The flying disc sport known as “ultimate” moves quickly. Players sprint across open fields, the disc gliding between outstretched hands as teammates call for passes and defenders scramble to keep up. But for physics teacher and avid ultimate player Matthew Bonges, the most satisfying moments are not the clutch-ups or the points scored.
“ I enjoy the most seeing everyone working together in a way that just flows on the field,” Mr. Bonges said.
While Mr. Bonges no longer competes regularly after stepping away from Chicago ultimate leagues to focus on family life, ultimate remains a defining part of how he thinks about teamwork and community both on the field and in the classroom.
Mr. Bonges first started playing during his senior year of high school before joining the men’s ultimate club team at the University of Illinois Urbana-Champaign in the early 2000s, where he continued playing throughout college and graduate school until 2008. His team eventually advanced to the quarterfinals at college nationals, one of the highlights in his years of competing.
But what stayed with him went beyond just winning games.
“ I thought it was so fun to play in terms of how it’s structured,” Mr. Bonges said. “It’s very free-flowing.”
That reliance on trust and cooperation is built directly into ultimate’s culture. Unlike most organized sports, the game is self-officiated: players call their own fouls and settle disagreements without referees.
“There is something like a ‘spirit of the game’ that you try and hold everyone to,” Mr. Bonges said. “That idea of, like, fair play and treating others well, I think is applicable in any context even outside of ultimate Frisbee.”

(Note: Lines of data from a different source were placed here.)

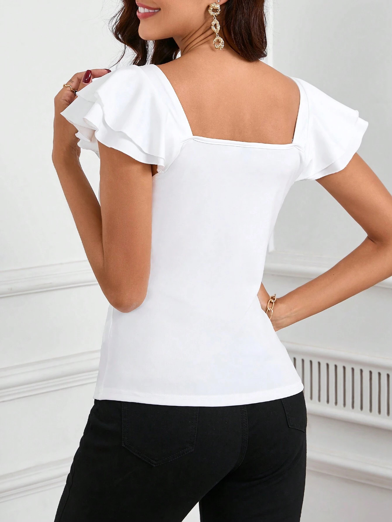 SOLID COLOR SQUARE NECK SHORT SLEEVE CASUAL TOP
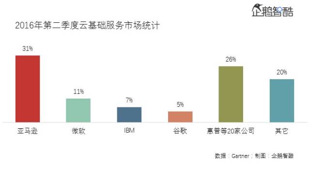 但苹果需要提升云计算能力,它在云服务领域不占优势。市场目前主要被亚马逊、微软、IBM、谷歌把控,四家公司市场份额达到54%。
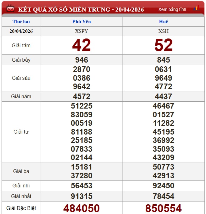 Kết quả xổ số miền Trung ngày 20/4/2026
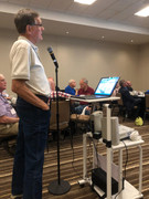 The banquet was not shown in Dan and Amy's convention coverage. Some folks in the photo below had to decide whether to watch all of David's presentation or turn around occasionally to finish their cheesecake desserts.
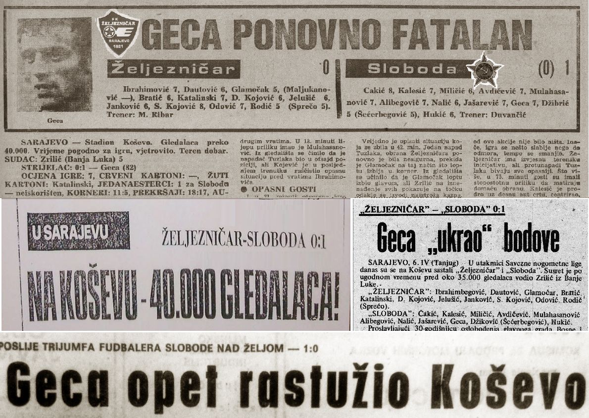 Sloboda je stigla do velike pobjede, koja je otvorila apetite za eventualnim plasmanom u Kup UEFA. Trener “Mićo” Duvančić je izjavio da su svi njegovi puleni igrali dobro, ali je izdvojio golmana Cakića, centarfora Gecu i desno krilo Nalića. Čovjek odluke, Jovan Geca, bio je presretan što je pred punim stadionom postigao gol, istakavši da mu je pobjeda nad Željom – jedna od najdražih u karijeri. Na kraju šampionata je Sloboda osvojila sedmo mjesto, Željezničar je bio deveti, ali se sezona pamti po spektaklu na Koševu 6. aprila 1975.
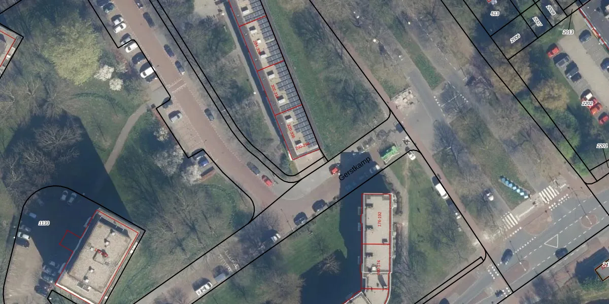 Het perceel waarop Gerstkamp 292 staat heeft een oppervlakte van 6429 m². Dit is een zeer groot perceel. De perceeloppervlakte wordt geregistreerd door het Kadaster. Gedetailleerde informatie over de maten van dit perceel kunt u vinden in het rapport Kadastrale kaart met maatvoering van Gerstkamp 292.

The sport’s emphasis on honesty and respect has influenced the way he approaches teaching as well.
“Instilling in students that everyone is trying their best to follow the rules and be fair to others,” Mr. Bonges said.
Those lessons occasionally appear in his lessons more directly as well.
“I do bring it up sometimes when we get into our rotations and torque,” he said, explaining the occasional parallels he draws between physics concepts and ultimate. “But I am careful to try and make sure my students have a parallel to something that they are familiar with.”
From his brief period of time teaching at an American school in Costa Rica to teaching at Homewood-Flossmoor High School in Chicago’s south suburbs, Mr. Bonges has tried to introduce students to the sport by organizing teams or connecting students with local ultimate communities. He hopes to eventually do the same at U-High.
For Mr. Bonges, the appeal of ultimate has not only been the competition itself, but the moments when an entire team moves together with trust and purpose.
Mr. Bonges said, “Everyone gets involved. You really have to work together. No one person can do everything.”